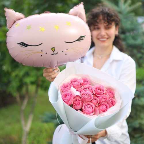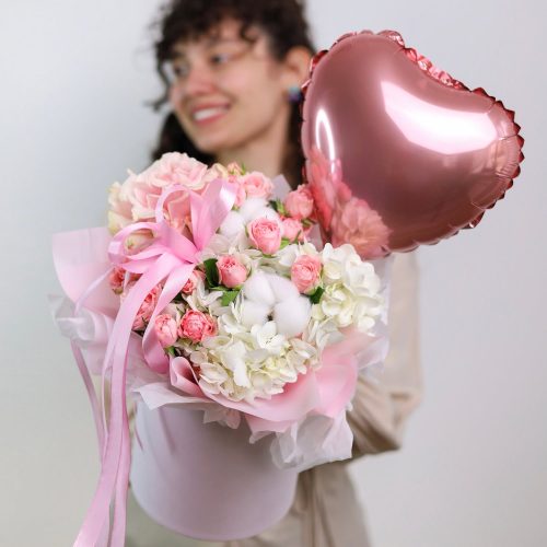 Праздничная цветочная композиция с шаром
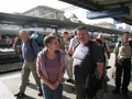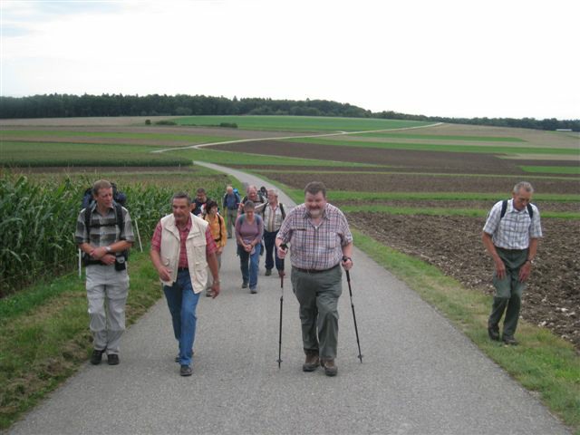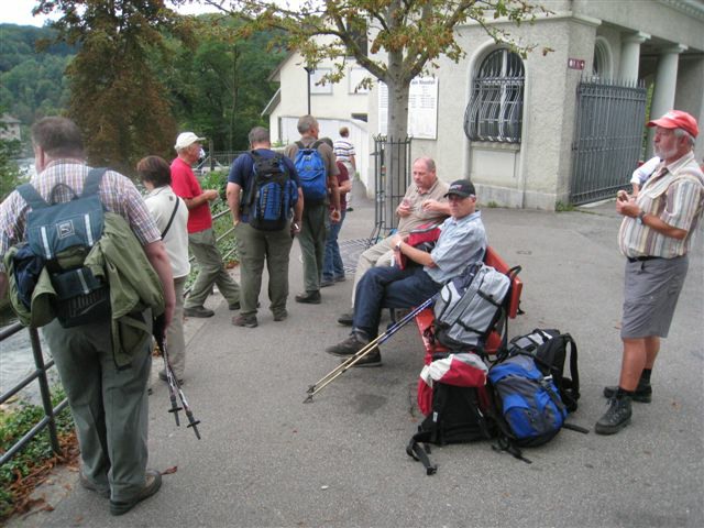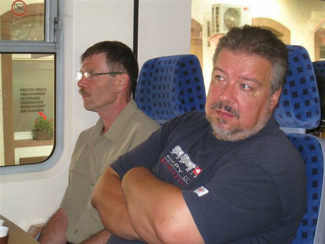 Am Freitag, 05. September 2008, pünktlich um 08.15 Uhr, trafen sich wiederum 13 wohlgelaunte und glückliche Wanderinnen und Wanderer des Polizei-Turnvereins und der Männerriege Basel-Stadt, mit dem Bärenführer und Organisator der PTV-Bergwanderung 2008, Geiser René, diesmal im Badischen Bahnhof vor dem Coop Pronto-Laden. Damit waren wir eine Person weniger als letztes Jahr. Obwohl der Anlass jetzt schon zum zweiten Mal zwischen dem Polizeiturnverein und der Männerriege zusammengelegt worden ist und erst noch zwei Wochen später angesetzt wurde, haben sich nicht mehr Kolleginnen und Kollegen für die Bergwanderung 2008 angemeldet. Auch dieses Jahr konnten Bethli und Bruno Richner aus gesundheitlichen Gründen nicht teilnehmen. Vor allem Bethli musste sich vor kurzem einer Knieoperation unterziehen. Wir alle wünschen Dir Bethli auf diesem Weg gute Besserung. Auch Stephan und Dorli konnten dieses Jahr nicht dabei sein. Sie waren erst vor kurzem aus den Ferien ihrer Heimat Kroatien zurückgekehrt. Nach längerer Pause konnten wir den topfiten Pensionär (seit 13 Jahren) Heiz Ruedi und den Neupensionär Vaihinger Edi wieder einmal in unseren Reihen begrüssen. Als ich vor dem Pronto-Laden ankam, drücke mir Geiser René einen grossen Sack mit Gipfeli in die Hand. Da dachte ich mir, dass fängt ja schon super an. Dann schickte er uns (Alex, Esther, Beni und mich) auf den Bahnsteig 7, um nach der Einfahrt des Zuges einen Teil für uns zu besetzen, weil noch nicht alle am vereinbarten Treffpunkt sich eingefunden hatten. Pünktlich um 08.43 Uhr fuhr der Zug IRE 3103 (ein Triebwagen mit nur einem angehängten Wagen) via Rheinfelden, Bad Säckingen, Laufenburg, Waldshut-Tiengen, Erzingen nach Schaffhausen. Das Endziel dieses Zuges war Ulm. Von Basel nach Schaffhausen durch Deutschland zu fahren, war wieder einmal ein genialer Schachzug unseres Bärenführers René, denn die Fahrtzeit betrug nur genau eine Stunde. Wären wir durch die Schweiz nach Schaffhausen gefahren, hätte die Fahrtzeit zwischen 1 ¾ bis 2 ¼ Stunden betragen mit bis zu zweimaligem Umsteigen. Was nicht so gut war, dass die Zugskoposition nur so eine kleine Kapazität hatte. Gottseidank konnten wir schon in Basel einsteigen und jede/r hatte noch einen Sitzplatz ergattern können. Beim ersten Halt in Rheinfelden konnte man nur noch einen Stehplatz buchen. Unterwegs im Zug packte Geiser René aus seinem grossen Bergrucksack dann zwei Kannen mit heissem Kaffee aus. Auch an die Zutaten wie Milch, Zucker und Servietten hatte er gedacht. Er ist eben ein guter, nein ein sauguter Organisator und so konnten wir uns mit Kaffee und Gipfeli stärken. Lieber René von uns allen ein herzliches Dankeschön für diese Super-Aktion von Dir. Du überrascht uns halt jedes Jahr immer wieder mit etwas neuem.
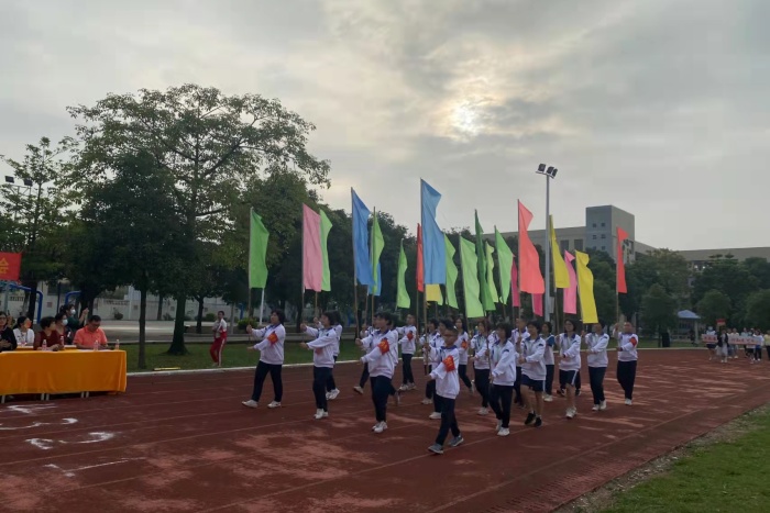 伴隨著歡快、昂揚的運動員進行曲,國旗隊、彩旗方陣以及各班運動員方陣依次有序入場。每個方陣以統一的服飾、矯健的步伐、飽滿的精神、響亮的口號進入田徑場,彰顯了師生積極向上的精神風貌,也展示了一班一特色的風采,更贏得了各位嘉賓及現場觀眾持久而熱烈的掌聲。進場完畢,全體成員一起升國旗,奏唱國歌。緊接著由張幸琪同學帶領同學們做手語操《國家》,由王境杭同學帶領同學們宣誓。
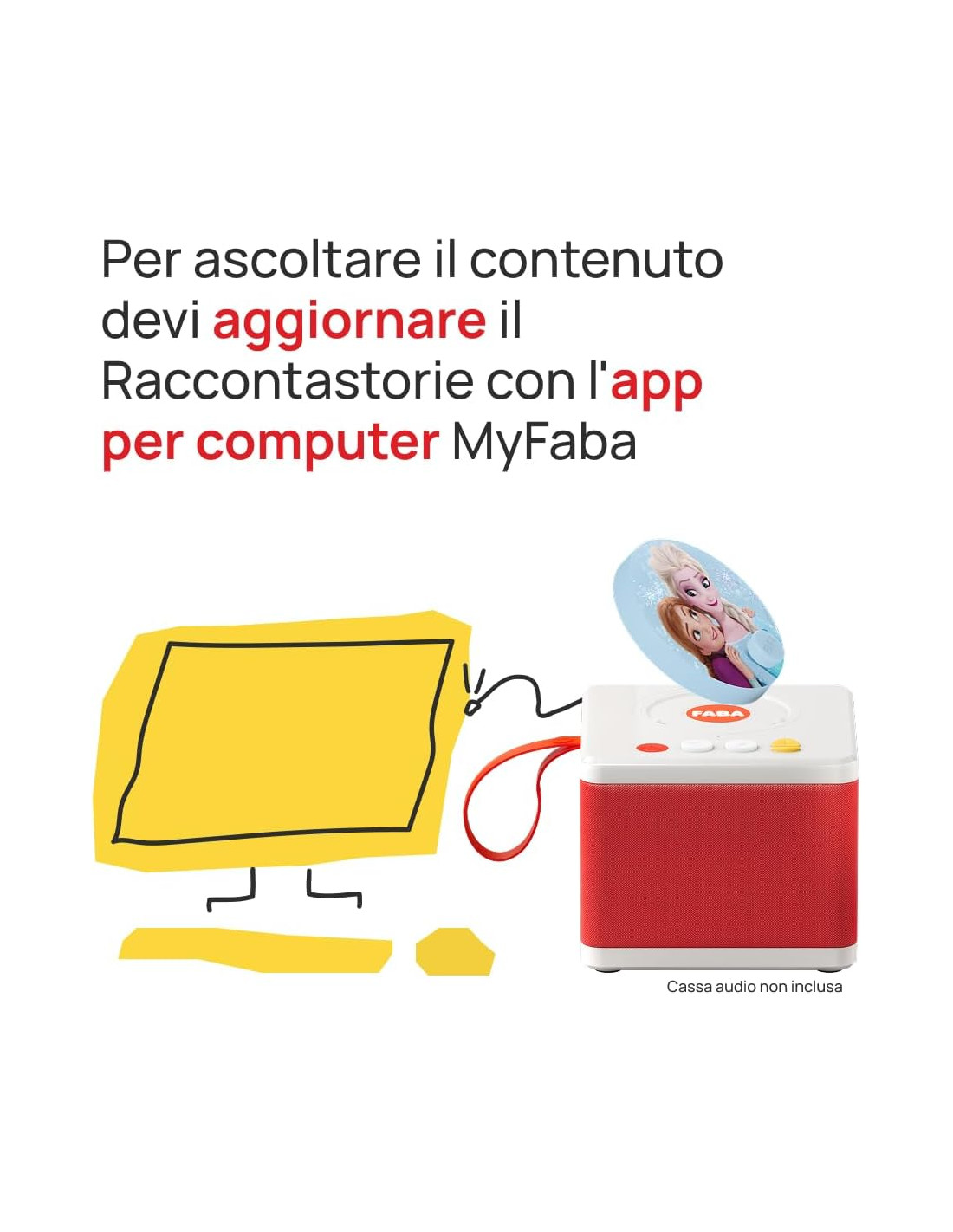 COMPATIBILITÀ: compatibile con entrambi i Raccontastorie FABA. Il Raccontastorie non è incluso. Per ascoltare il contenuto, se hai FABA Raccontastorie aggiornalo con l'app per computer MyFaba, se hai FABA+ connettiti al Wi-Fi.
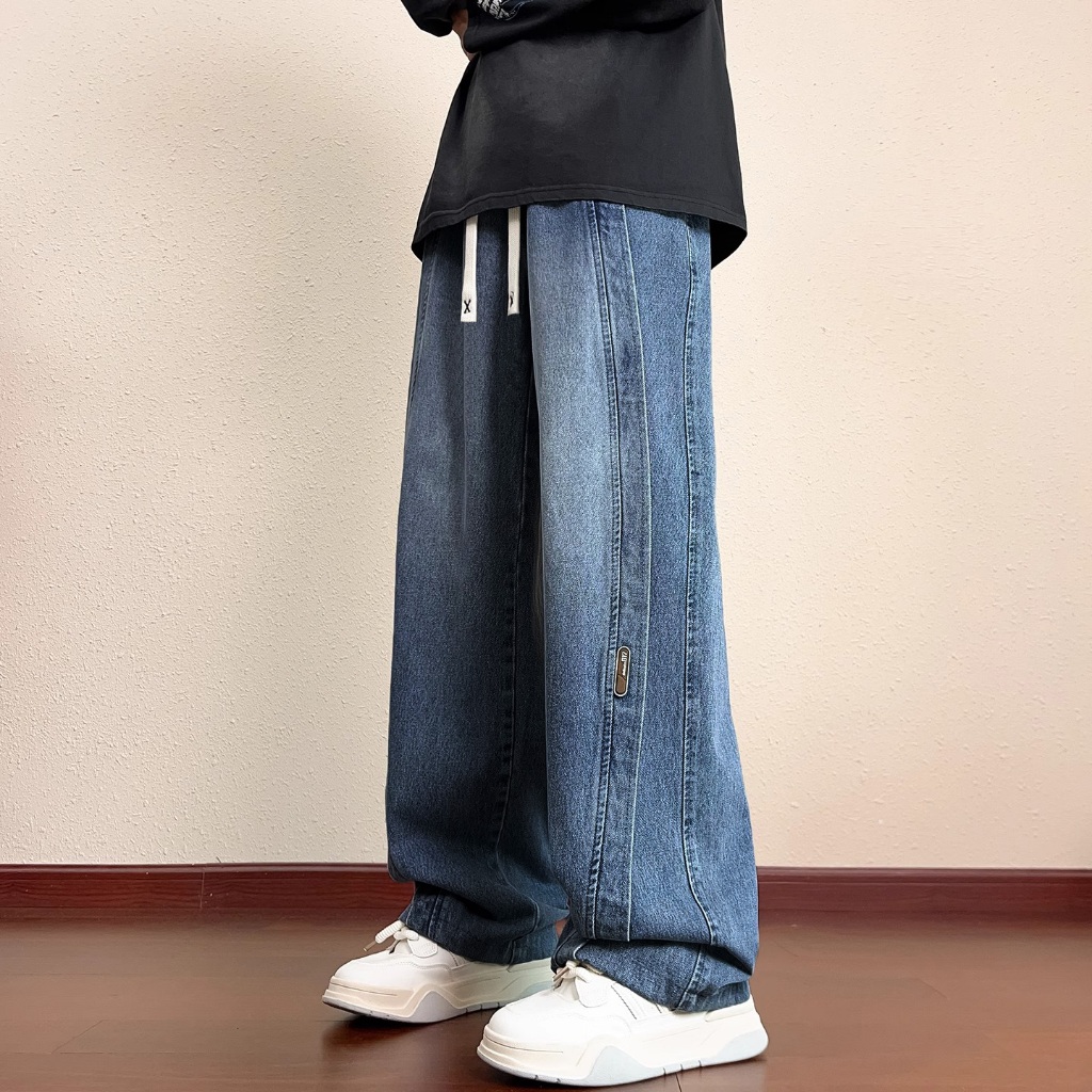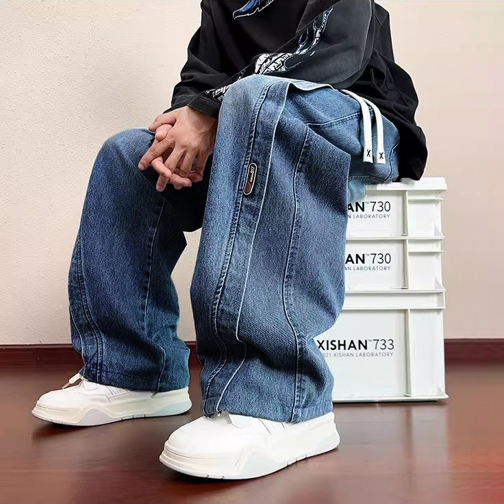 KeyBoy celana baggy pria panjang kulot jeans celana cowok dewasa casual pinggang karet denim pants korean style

---*---

● **Task prompt**
The listing is to be repeated word for word, with all pictures omitted.

● **Written solution**
 Праздничная цветочная композиция с шаром
 Am Freitag, 05. September 2008, pünktlich um 08.15 Uhr, trafen sich wiederum 13 wohlgelaunte und glückliche Wanderinnen und Wanderer des Polizei-Turnvereins und der Männerriege Basel-Stadt, mit dem Bärenführer und Organisator der PTV-Bergwanderung 2008, Geiser René, diesmal im Badischen Bahnhof vor dem Coop Pronto-Laden. Damit waren wir eine Person weniger als letztes Jahr. Obwohl der Anlass jetzt schon zum zweiten Mal zwischen dem Polizeiturnverein und der Männerriege zusammengelegt worden ist und erst noch zwei Wochen später angesetzt wurde, haben sich nicht mehr Kolleginnen und Kollegen für die Bergwanderung 2008 angemeldet. Auch dieses Jahr konnten Bethli und Bruno Richner aus gesundheitlichen Gründen nicht teilnehmen. Vor allem Bethli musste sich vor kurzem einer Knieoperation unterziehen. Wir alle wünschen Dir Bethli auf diesem Weg gute Besserung. Auch Stephan und Dorli konnten dieses Jahr nicht dabei sein. Sie waren erst vor kurzem aus den Ferien ihrer Heimat Kroatien zurückgekehrt. Nach längerer Pause konnten wir den topfiten Pensionär (seit 13 Jahren) Heiz Ruedi und den Neupensionär Vaihinger Edi wieder einmal in unseren Reihen begrüssen. Als ich vor dem Pronto-Laden ankam, drücke mir Geiser René einen grossen Sack mit Gipfeli in die Hand. Da dachte ich mir, dass fängt ja schon super an. Dann schickte er uns (Alex, Esther, Beni und mich) auf den Bahnsteig 7, um nach der Einfahrt des Zuges einen Teil für uns zu besetzen, weil noch nicht alle am vereinbarten Treffpunkt sich eingefunden hatten. Pünktlich um 08.43 Uhr fuhr der Zug IRE 3103 (ein Triebwagen mit nur einem angehängten Wagen) via Rheinfelden, Bad Säckingen, Laufenburg, Waldshut-Tiengen, Erzingen nach Schaffhausen. Das Endziel dieses Zuges war Ulm. Von Basel nach Schaffhausen durch Deutschland zu fahren, war wieder einmal ein genialer Schachzug unseres Bärenführers René, denn die Fahrtzeit betrug nur genau eine Stunde. Wären wir durch die Schweiz nach Schaffhausen gefahren, hätte die Fahrtzeit zwischen 1 ¾ bis 2 ¼ Stunden betragen mit bis zu zweimaligem Umsteigen. Was nicht so gut war, dass die Zugskoposition nur so eine kleine Kapazität hatte. Gottseidank konnten wir schon in Basel einsteigen und jede/r hatte noch einen Sitzplatz ergattern können. Beim ersten Halt in Rheinfelden konnte man nur noch einen Stehplatz buchen. Unterwegs im Zug packte Geiser René aus seinem grossen Bergrucksack dann zwei Kannen mit heissem Kaffee aus. Auch an die Zutaten wie Milch, Zucker und Servietten hatte er gedacht. Er ist eben ein guter, nein ein sauguter Organisator und so konnten wir uns mit Kaffee und Gipfeli stärken. Lieber René von uns allen ein herzliches Dankeschön für diese Super-Aktion von Dir. Du überrascht uns halt jedes Jahr immer wieder mit etwas neuem.
 伴隨著歡快、昂揚的運動員進行曲,國旗隊、彩旗方陣以及各班運動員方陣依次有序入場。每個方陣以統一的服飾、矯健的步伐、飽滿的精神、響亮的口號進入田徑場,彰顯了師生積極向上的精神風貌,也展示了一班一特色的風采,更贏得了各位嘉賓及現場觀眾持久而熱烈的掌聲。進場完畢,全體成員一起升國旗,奏唱國歌。緊接著由張幸琪同學帶領同學們做手語操《國家》,由王境杭同學帶領同學們宣誓。
 COMPATIBILITÀ: compatibile con entrambi i Raccontastorie FABA. Il Raccontastorie non è incluso. Per ascoltare il contenuto, se hai FABA Raccontastorie aggiornalo con l'app per computer MyFaba, se hai FABA+ connettiti al Wi-Fi.
 KeyBoy celana baggy pria panjang kulot jeans celana cowok dewasa casual pinggang karet denim pants korean style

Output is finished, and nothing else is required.